Et d'abord, pourquoi " lampe " ? Mais tout simplement parce que la première triode, la T.M. éclaire, son filament en tungstène chauffé sous 4 Volts et consommant 0,7 Ampères, donne une petite lueur que connaissent bien les poilus de 1917 qui dans les tranchées on eu l'occasion de se servir du fameux amplificateur " 3 Ter ".

 

III.1 - 1922 : LA T.M. AU PUBLIC

La lampe T.M. (Télégraphie Militaire), la " loupiote " qui a rendu d'inestimables services pendant la guerre, la voici dans le domaine public, mais son prix d'achat de l'ordre de 22 à 25 Frs 1922 fait souvent reculer l'amateur, sa durée de vie qui va de 90 à 100 heures n'est pas pour l'encourager.

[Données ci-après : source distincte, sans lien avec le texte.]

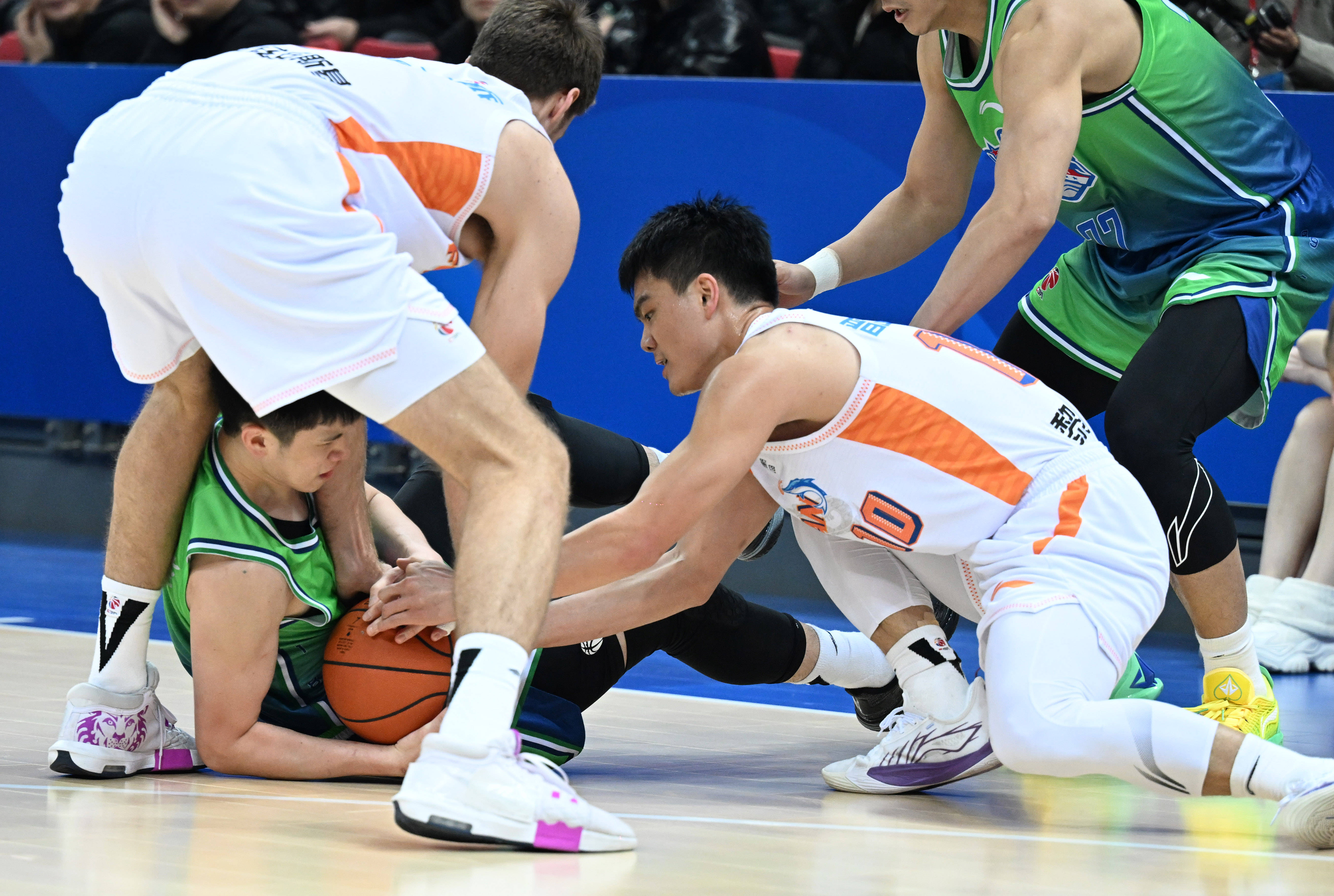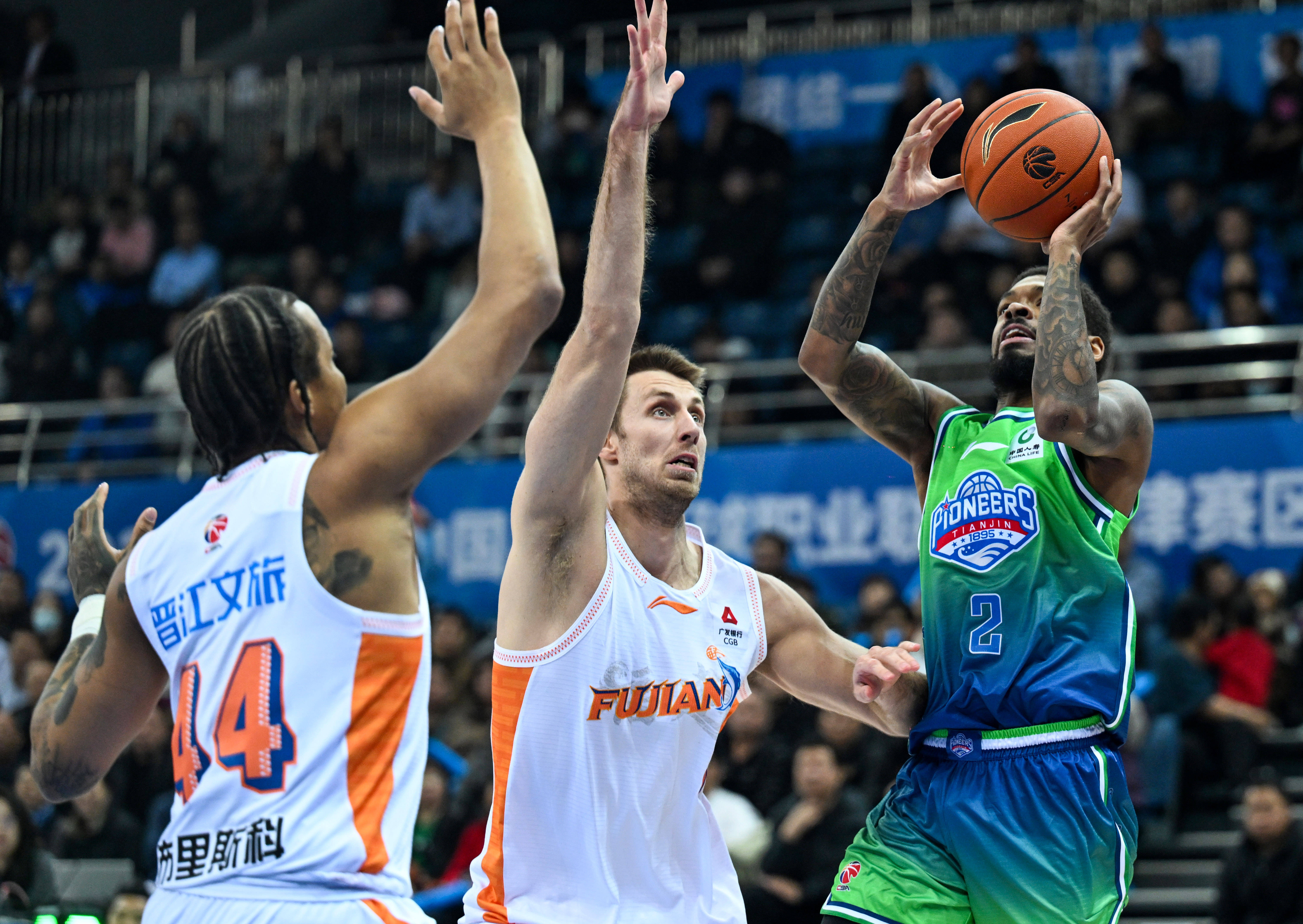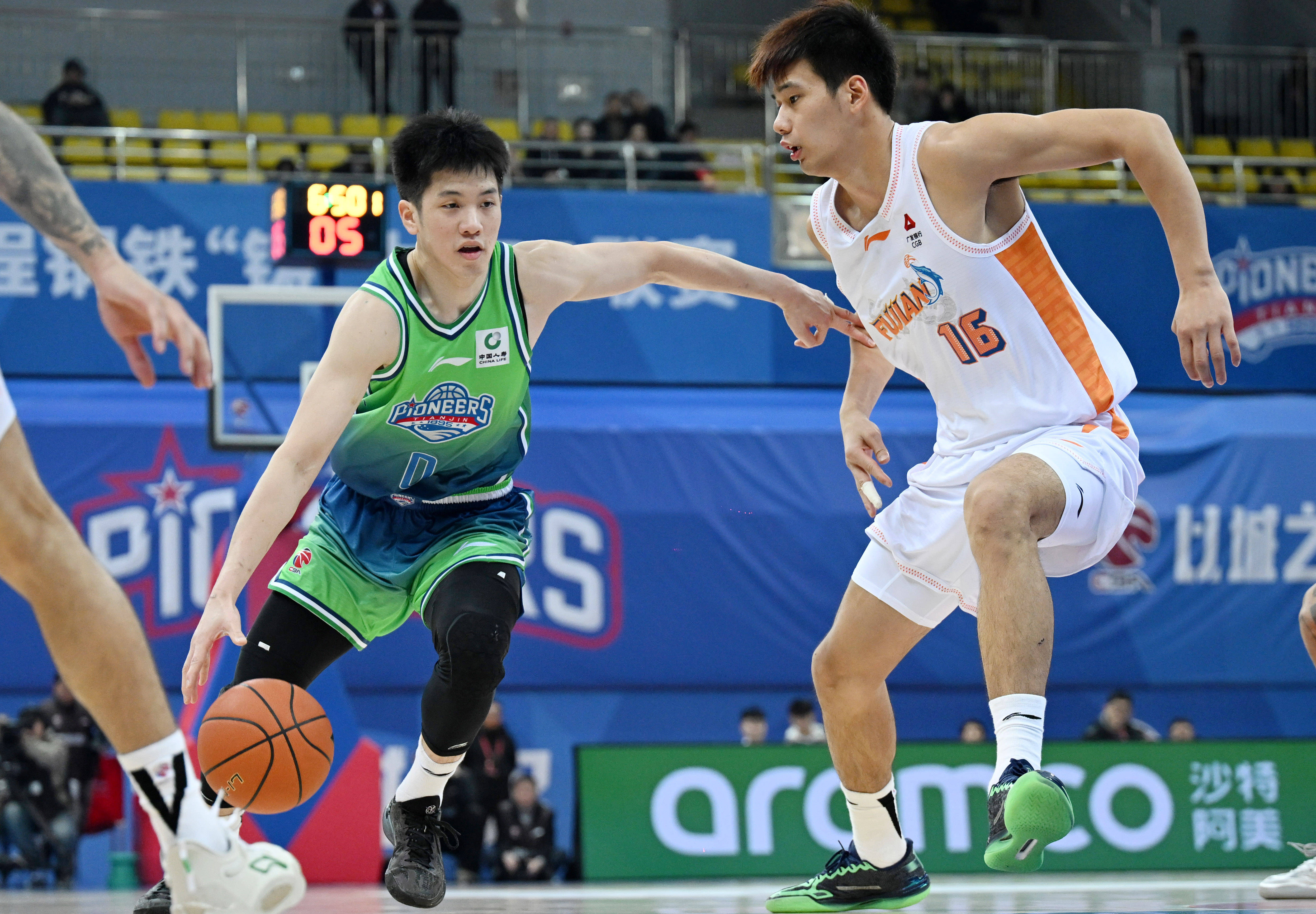 1月14日,天津先行者队球员林庭谦(左下)和福建晋江文旅队球员黎伊扬(右)在比赛中拼抢。 新华社记者 赵子硕 摄

Et pourtant, qu'il serait agréable d'amplifier à la sortie de notre poste à galène, pour mieux entendre, surtout dans la journée.

Et le voici monté cet amplificateur basse fréquence à 1 lampe, à la sortie duquel le casque va nous donner une première notion de puissance de réception l'écoute " casque sur table ".

Des amateurs chevronnés construisent dès 1921/22 des postes à 4 ou 5 lampes, mais la consommation en courant de chauffage de ces lampes reste le problème numéro 1.

On essaie de tourner la difficulté en alimentant les lampes séparément à grand renfort de rhéostats ou encore en mettant hors service la " lampe détectrice " (une lampe de moins à chauffer), la bonne galène étant suffisante pour cette fonction. Même à régime réduit, si l'on peut dire, la consommation avec les T.M. est encore exagérée et les accus sont vite " à plat ".

La lampe T.M. fabriquée dès le début de la grande guerre voit sa production passer en 1918 à 1000 unités par jour.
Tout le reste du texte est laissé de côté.